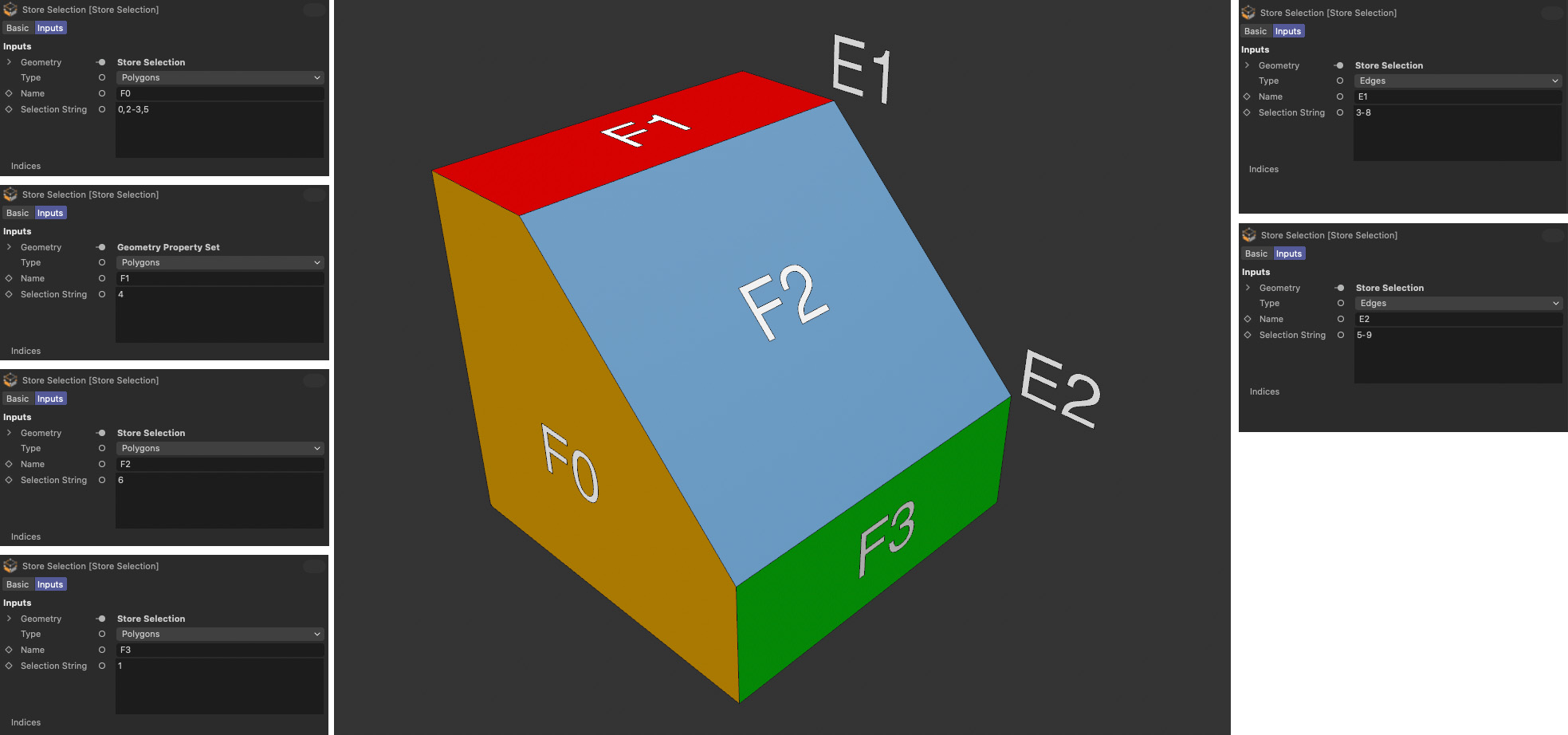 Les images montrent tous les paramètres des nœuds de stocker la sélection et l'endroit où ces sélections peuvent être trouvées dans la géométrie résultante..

= = = =

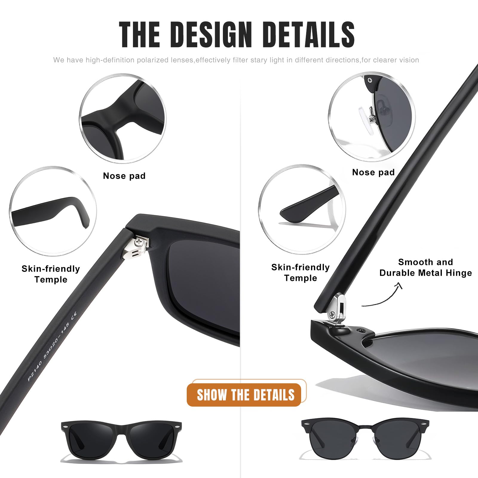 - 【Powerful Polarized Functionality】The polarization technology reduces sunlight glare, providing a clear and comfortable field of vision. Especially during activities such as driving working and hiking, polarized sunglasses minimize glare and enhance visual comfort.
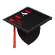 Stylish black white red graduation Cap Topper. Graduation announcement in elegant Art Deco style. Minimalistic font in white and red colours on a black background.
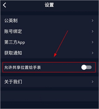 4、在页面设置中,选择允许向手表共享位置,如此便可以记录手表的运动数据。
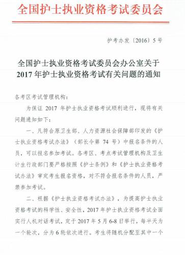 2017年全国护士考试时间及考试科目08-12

= = = =

Work required:
Transcribe the lines above exactly, beginning at the one with "- 【Powerful Polarized" and ending at the one with "2017年全国护士考试时间及考试科目08-12". Include both; exclude the pictures.

Task output:
 - 【Powerful Polarized Functionality】The polarization technology reduces sunlight glare, providing a clear and comfortable field of vision. Especially during activities such as driving working and hiking, polarized sunglasses minimize glare and enhance visual comfort.
 Stylish black white red graduation Cap Topper. Graduation announcement in elegant Art Deco style. Minimalistic font in white and red colours on a black background.
 4、在页面设置中,选择允许向手表共享位置,如此便可以记录手表的运动数据。
 2017年全国护士考试时间及考试科目08-12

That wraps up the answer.